La féministe estime qu’il faut abolir la prostitution et toutes formes d’exploitation sexuelle – danses, massages, cinéma porno. Pas comme aux États-Unis, où la prohibition attise l’industrie clandestine, mais à la manière de la Suède, qui pénalise les acheteurs de services sexuels plutôt que ceux qui les offrent.

Choix… forcé?
Mais que reste-t-il du droit de disposer de son corps? «Les effets néfastes de la prostitution pèsent bien plus lourd que les libertés individuelles dans ce débat», estime Yolande Geadah. Selon ses observations, la plupart des travailleuses du sexe ne font pas ce métier par choix, mais parce qu’elles proviennent de milieux marqués par la pauvreté et les violences sexuelles. Ce passé les rend vulnérables face à des proxénètes qui jouent la carte de la séduction et du confort matériel pour les attirer.

«L’âge moyen de l’entrée dans la prostitution au Canada est de 14 ans; des études révèlent aussi que 85 % de ces personnes ont été abusées sexuellement. Sachant cela, comment ose-t-on parler du libre choix d’exercer cette activité?» s’indigne Richard Poulin, professeur au Département de sociologie et d’anthropologie à l’Université d’Ottawa.

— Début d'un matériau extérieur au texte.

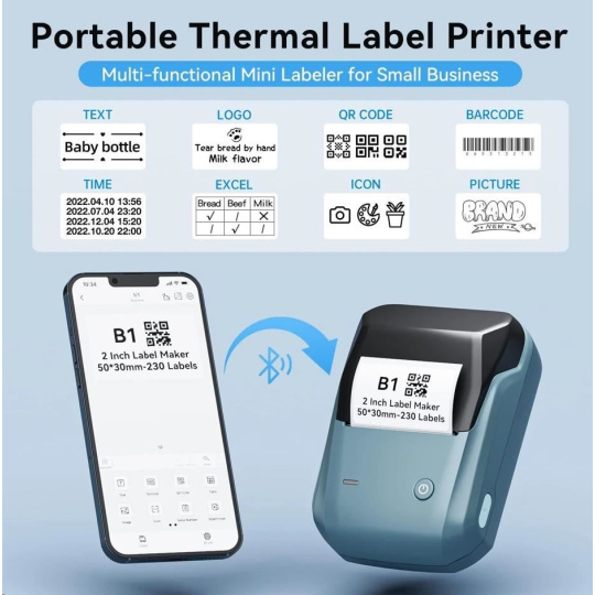 Zabudnite na zdĺhavé a komplikované procesy tlače etikiet. S NIIMBOT B1 je tlač etikiet hračkou vďaka jej bezdrôtovej technológii a vynikajúcim funkciám. Táto prenosná tlačiareň etikiet je vybavená dobíjateľnou lítiovou batériou, ktorá vám umožní tlačiť kdekoľvek a kedykoľvek budete potrebovať po dobu 4 až 5 hodín. S NIIMBOT B1 môžete jednoducho označovať veci v kancelárii, škole, obchode a na mnoho ďalších miestach. Jej kompatibilita s PC a systémami Android a iOS znamená, že môžete tlačiť priamo zo svojho smartfónu alebo tabletu, čo zabezpečuje maximálne pohodlie a efektivitu.

Pascale Navarro, journaliste et coauteure de Interdit aux femmes; le féminisme et la censure de la pornographie (Boréal, 1996), est plus tempérée. «Au Québec, il existe des travailleurs du sexe qui sont là parce qu’ils le souhaitent. Ils pourraient éviter cette voie, grâce entre autres aux maisons d’hébergement pour jeunes, aux travailleurs sociaux, aux programmes d’insertion en emploi. Pourtant, ils persistent.»

Un choix difficile à accepter pour certaines féministes. «C’est frustrant de voir des femmes décider de se prostituer, car c’est une illustration frappante de l’utilisation du corps de la femme par l’homme, affirme Pascale Navarro. Mais qui suis-je pour dire à ces femmes quoi faire?»

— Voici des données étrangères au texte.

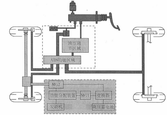 再生制动的协同控制是使再生制动和液压制动的制动力保持平衡,以最小化车辆动能转化为热和摩擦的损失,其回收的能量则变换为电能。
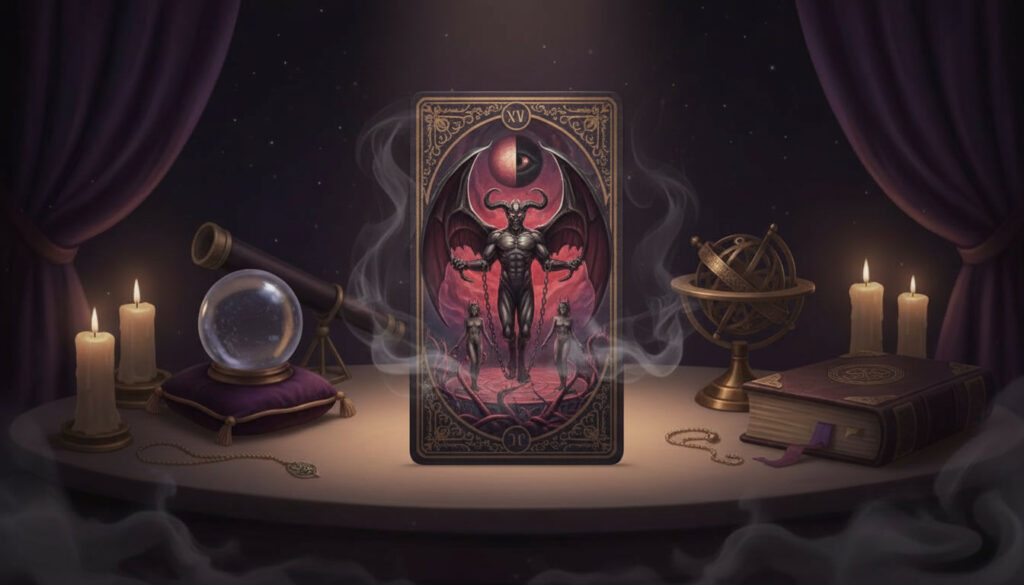 Cette lame parle de passions intenses, de dépendances, de pouvoir, de sexualité brute, d’ombre à intégrer. Elle révèle ce qui nous enchaîne : peurs, addictions, relations toxiques ou désirs refoulés. Selon le contexte, elle annonce une libération possible ou une emprise plus forte. Le Diable nous invite à regarder notre ombre en face : elle est aussi source de puissance.

Mariane, escorte indépendante, croit en effet que les féministes sont mal placées pour la juger. «Je suis écœurée par le discours qui présente la prostitution comme une activité dégradante, un discours souvent tenu par des gens qui n’ont jamais fait ce métier. C’est comme si je plaidais la cause des chauffeurs d’autobus, alors que je ne connais rien de leur réalité!»(M.-H. P.)